Desde el punto de vista de la obra de Feyerabend el reconocimiento de este doble de ideal de conocimiento, permite ver que las críticas epistemológicas usuales (relativismo, irracionalismo, anarquismo) deben restringirse al aspecto epistemológico de su obra, vinculado con el proliferacionismo o pluralismo epistemológico, y no se aplican a su pensamiento político vinculado con la tesis de “la ciencia como una tradición entre otras” o pluralismo democrático. Desde el punto de vista del interés que todavía pueden tener las ideas de Feyerabend en las discusión actual sobre las prácticas científicas, el transito de su pensamiento puede ejemplificar la diferencia entre pensar la ciencia como un fin en sí mismo, a pensarla con una finalidad fuera de si, a pensarla frente a la sociedad.

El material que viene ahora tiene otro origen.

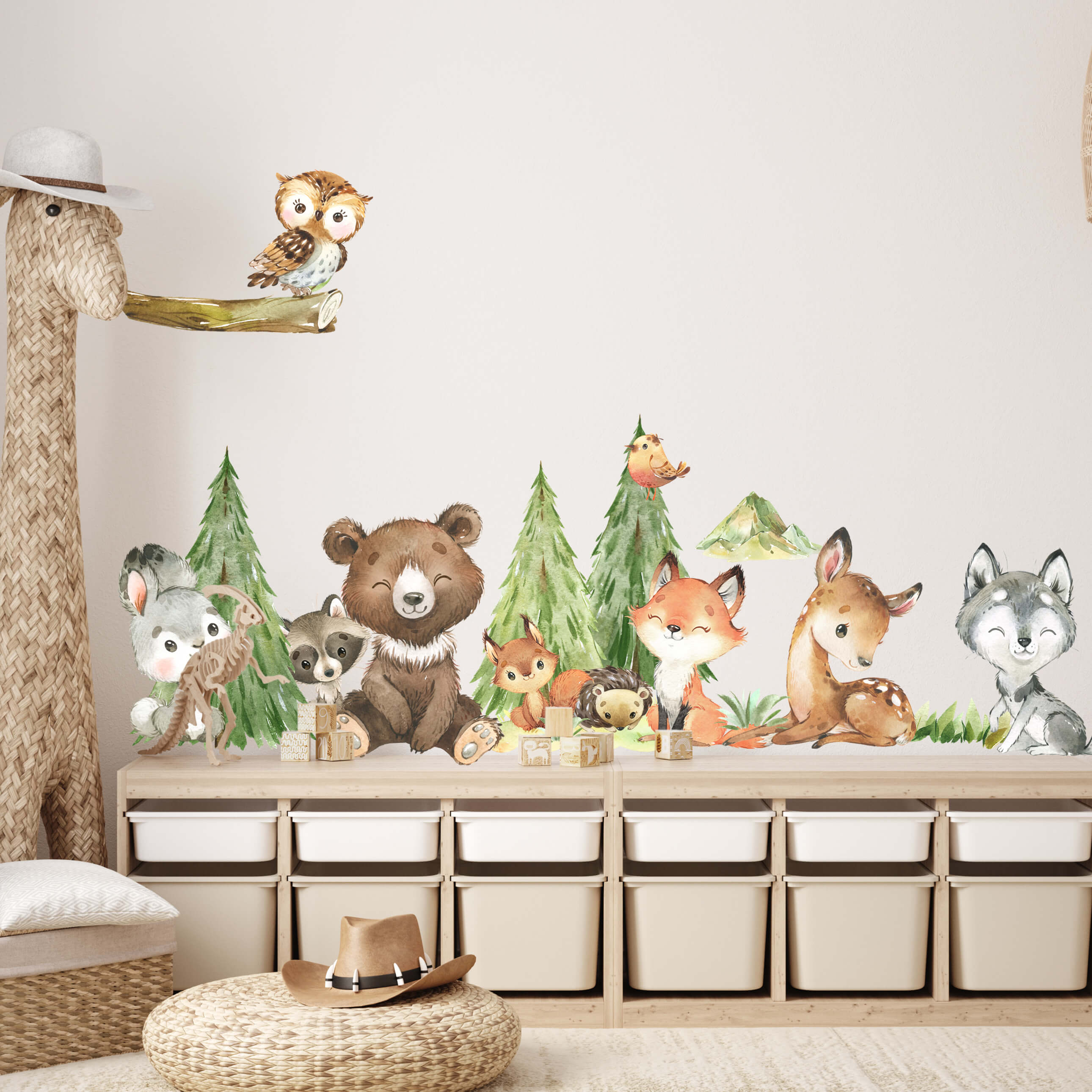 - Niedliches Design: Die süßen Waldtiere – Bär, Reh und Fuchs – in sanften Wasserfarben bringen Wärme und Gemütlichkeit in jeden Raum und sind perfekt für kleine Tierliebhaber.
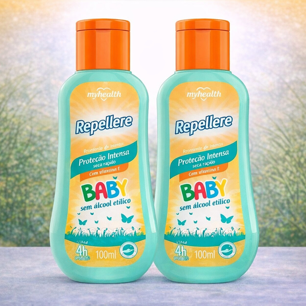 🦟 Repelente Repellere Baby 100ml – Proteção Intensa e Suave para Bebês O Repellere Baby foi desenvolvido especialmente para proteger os pequenos contra mosquitos e pernilongos, com fórmula suave, sem álcool etílico e dermatologicamente testada. Ideal para o uso diário, oferece proteção eficaz por até 4 horas, garantindo mais tranquilidade para pais e cuidadores. ✅ Principais Benefícios 👶 Indicado para bebês e crianças 🛡️ Proteção intensa contra mosquitos e pernilongos ⏱️ Duração de até 4 horas 🌿 Sem álcool etílico – mais suave para a pele sensível 💧 Textura leve, fácil de espalhar 🧴 Embalagem prática de 100ml 👨⚕️ Dermatologicamente testado 🧾 Modo de Uso Uso externo. Aplique o produto na palma da mão e espalhe uniformemente nas áreas expostas da pele. Evite aplicar em excesso. Reaplique a cada 4 horas ou após contato com água ou transpiração excessiva. ⚠️ Não aplicar em olhos, boca, narinas, ferimentos ou mucosas. ⚠️ Precauções Importantes Não utilizar em crianças menores de 6 meses Aplicação em crianças deve ser feita por um adulto Evite aplicar na palma das mãos da criança Em caso de irritação, suspenda o uso Conservar fora do alcance de crianças e animais 📦 Conteúdo da Embalagem 01 unidade – Repelente Repellere Baby 100ml
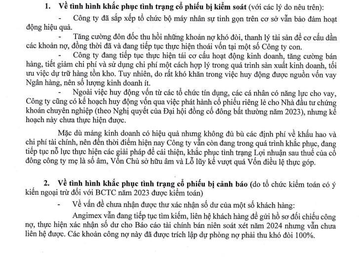 Về tình hình khắc phục tình trạng cổ phiếu bị cảnh báo, Angimex vẫn chưa liên hệ được với khách hàng để gửi hồ sơ đối chiếu công nợ, thực hiện xác nhận số dư cho báo cáo tài chính bán niên soát xét năm 2024. Do đó, các khoản công nợ này buộc phải trích lập dự phòng nợ phải thu khó đòi 100%.

La reflexión guiada por el ideal empirista de conocimiento busca testear las teorías al máximo, las teorías que guían nuestra comprensión de la realidad deben involucrar la menor cantidad posible de error. La reflexión guiada por el ideal humanista de conocimiento está al servicio del desarrollo social y humano. Feyerabend no impugna el ideal empirista, ni lo abandona; pero reconoce que, frente a los falibilismos que encuentra el análisis epistemológico, no podemos aceptar acríticamente la supuesta bendición para la humanidad. Esta situación no mejora, sino que se agrava, cuando la reflexión sobre nuestra propia cultura científica está obligada a admitir, que no toda la sociedad tiene el mismo acceso a tales beneficios. Por consiguiente, resulta razonable preguntarse seriamente por cuál es el mejor lugar para la ciencia en la sociedad contemporánea.

 

El contexto de implicación

 

Para esta pregunta de Feyerabend bajo el ideal humanista de conocimiento, para esta reflexión compleja sobre cuál es el mejor lugar para la ciencia frente a la sociedad propongo un nuevo contexto socio-epistémico, el cual en parte me fue sugerido por la lectura de Hugh Lacey (1999). Lacey muestra la distinción entre valores sociales y valores cognitivos; son las teorías las que evaluamos de modo cognitivo, y las prácticas las que evaluamos de modo social y muestra que la comprensión integral de las prácticas científicas debe ir más allá de los criterios de consistencia, debiendo adentrarse en diferentes niveles de análisis que afectan de modo diferente a los diversos actores involucrados, e implicados en tales prácticas. Sin pretender seguirlo en todos los puntos, quisiera proponer la pregunta que estructura tal contexto: ¿qué implica lo que estoy haciendo para los demás, para las generaciones futuras y para los ecosistemas? 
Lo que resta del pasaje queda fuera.